**HOW TO COMPLETE THIS TASK:**
Copying rule for the data below: pictures stay out, and only the lines from the one with "2018年7月,根据当前玻璃" down to the one with "Vitalli, Raisenda Derek", inclusive, are repeated exactly.

**RECORD EXCERPTS:**
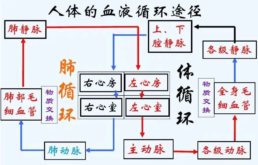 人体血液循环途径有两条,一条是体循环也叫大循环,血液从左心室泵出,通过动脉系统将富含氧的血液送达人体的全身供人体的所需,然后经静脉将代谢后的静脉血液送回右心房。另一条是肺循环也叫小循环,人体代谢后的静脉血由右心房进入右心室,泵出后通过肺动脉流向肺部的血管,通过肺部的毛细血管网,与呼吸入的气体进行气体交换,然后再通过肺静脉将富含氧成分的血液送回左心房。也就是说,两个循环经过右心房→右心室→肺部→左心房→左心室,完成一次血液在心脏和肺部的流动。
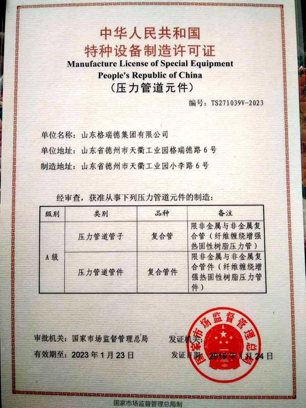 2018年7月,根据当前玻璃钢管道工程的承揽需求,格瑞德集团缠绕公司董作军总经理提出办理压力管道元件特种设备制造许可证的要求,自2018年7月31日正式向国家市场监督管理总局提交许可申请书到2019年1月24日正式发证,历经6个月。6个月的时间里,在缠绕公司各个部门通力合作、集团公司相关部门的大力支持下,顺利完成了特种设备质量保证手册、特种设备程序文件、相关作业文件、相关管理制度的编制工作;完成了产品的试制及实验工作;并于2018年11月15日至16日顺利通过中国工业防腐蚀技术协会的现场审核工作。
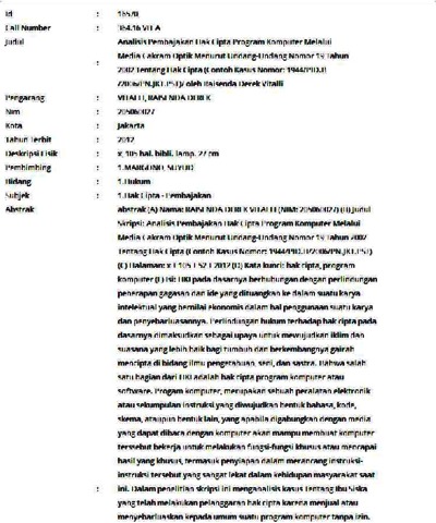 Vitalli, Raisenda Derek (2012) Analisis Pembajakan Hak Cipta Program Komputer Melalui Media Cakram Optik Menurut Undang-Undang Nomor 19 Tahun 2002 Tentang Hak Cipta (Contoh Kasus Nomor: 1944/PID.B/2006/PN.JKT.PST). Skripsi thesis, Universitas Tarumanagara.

--

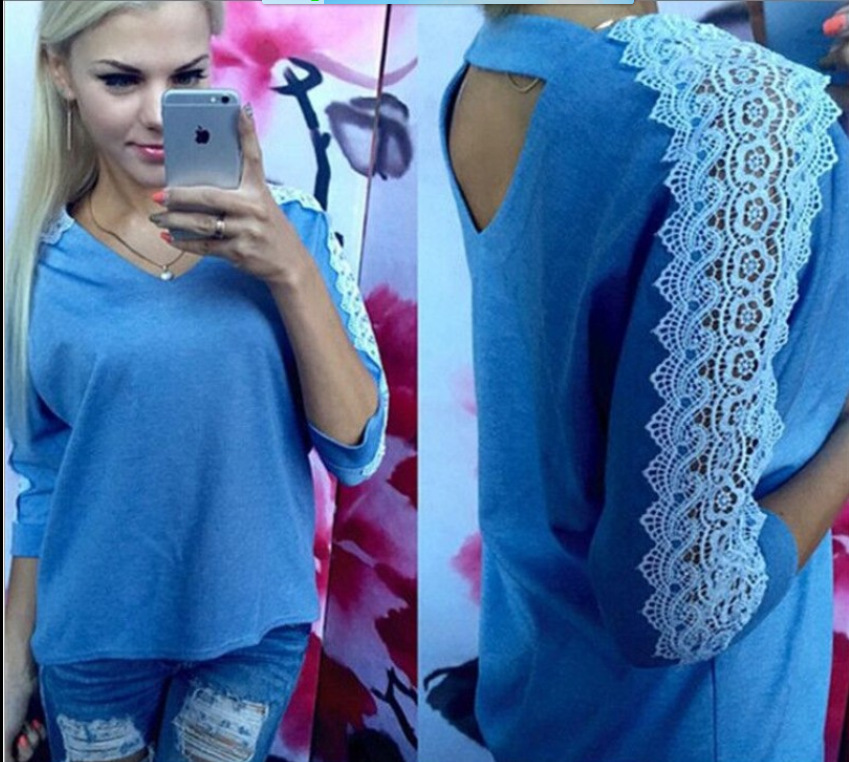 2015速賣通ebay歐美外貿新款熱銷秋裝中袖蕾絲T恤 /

**RESPONSE TO THE EXERCISE:**
 2018年7月,根据当前玻璃钢管道工程的承揽需求,格瑞德集团缠绕公司董作军总经理提出办理压力管道元件特种设备制造许可证的要求,自2018年7月31日正式向国家市场监督管理总局提交许可申请书到2019年1月24日正式发证,历经6个月。6个月的时间里,在缠绕公司各个部门通力合作、集团公司相关部门的大力支持下,顺利完成了特种设备质量保证手册、特种设备程序文件、相关作业文件、相关管理制度的编制工作;完成了产品的试制及实验工作;并于2018年11月15日至16日顺利通过中国工业防腐蚀技术协会的现场审核工作。
 Vitalli, Raisenda Derek (2012) Analisis Pembajakan Hak Cipta Program Komputer Melalui Media Cakram Optik Menurut Undang-Undang Nomor 19 Tahun 2002 Tentang Hak Cipta (Contoh Kasus Nomor: 1944/PID.B/2006/PN.JKT.PST). Skripsi thesis, Universitas Tarumanagara.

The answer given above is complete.